Study Suggests Antipsychotic Agents May Up MI Risk
Patients taking antipsychotic agents may be at an increased risk of myocardial infarction, based on a review of nine observational studies. Findings from the review are published in the British Journal of Clinical Pharmacology.
Earlier research found five observational studies that did not provide an accurate estimate of the relationship between use of antipsychotics and risk of myocardial infarction.
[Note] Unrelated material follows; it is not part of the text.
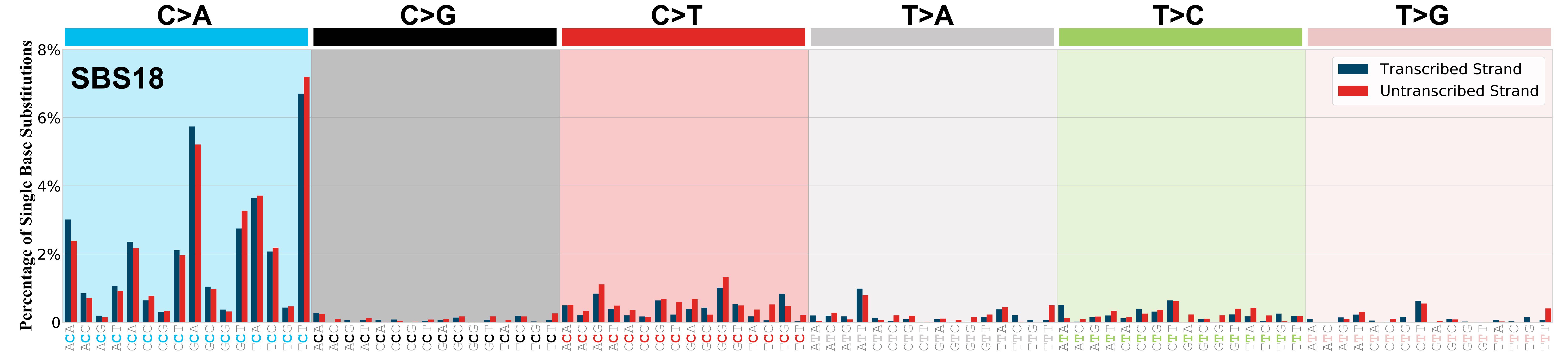 Mutational signatures exhibit asymmetric number of mutations due to either one of the DNA strands being preferentially repaired or one of the DNA strands having a higher propensity for being damaged. One common example of strand asymmetry is transcription-strand asymmetry which can be due to the activity of transcription-coupled nucleotide excision repair (TC-NER) or transcription-coupled damage amongst others.

Study authors from China conducted a systematic review and meta-analysis of observational studies that compared incidence of myocardial infarction among patients taking antipsychotics vs. no treatment.
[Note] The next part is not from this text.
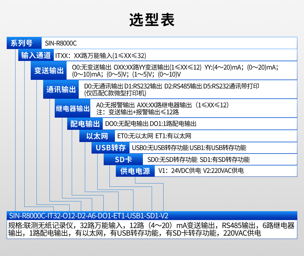 聯(lián)測儀表SIN-R8000C可帶12路報警輸出或12個變送輸出,RS232/485通訊接口,以太網(wǎng)接口,微型打印機接口和USB接口,SD卡插座;可提供傳感器配電;采用拔插式間距為5.08的接線端子,方便電氣連接;具有強大的顯示功能,實時曲線顯示,歷史曲線追憶,棒圖顯示等。人性化的外觀設(shè)計、完美的功能體現(xiàn)、可靠的硬件品質(zhì)、精湛的制造工藝,使本產(chǎn)品具有更高的性能價格比。

The analysis found a 1.88-fold higher likelihood (odds ratio [OR] 1.88 95% CI: 1.39-2.54) of developing myocardial infarction in antipsychotic users vs. non-users. Subgroup analyses found an OR 2.48 (95% CI: 1.66-3.69) among patients with schizophrenia, and an OR 2.64 (95% CI: 2.48-2.81) among patients who used antipsychotics short-term (<30 days).
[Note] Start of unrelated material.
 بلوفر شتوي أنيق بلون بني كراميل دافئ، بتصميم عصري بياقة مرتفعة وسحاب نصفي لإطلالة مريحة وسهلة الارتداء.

Study findings support the evidence of an increased risk of myocardial infarction in patients who take antipsychotics. The data further adds to previous research by showing a higher and more robust risk of myocardial infarction in short-term users.
"Our findings provide important information about the safety of antipsychotic drugs," said Dr. Bing Ruan, senior author of the British Journal of Clinical Pharmacology study. "Clinicians should prescribe them only for patients with a clear need."
Given antipsychotic agents are used to treat major psychiatric conditions, "the relatively modest increased absolute risk of MI is unlikely to alter their benefit-risk balance when used appropriately."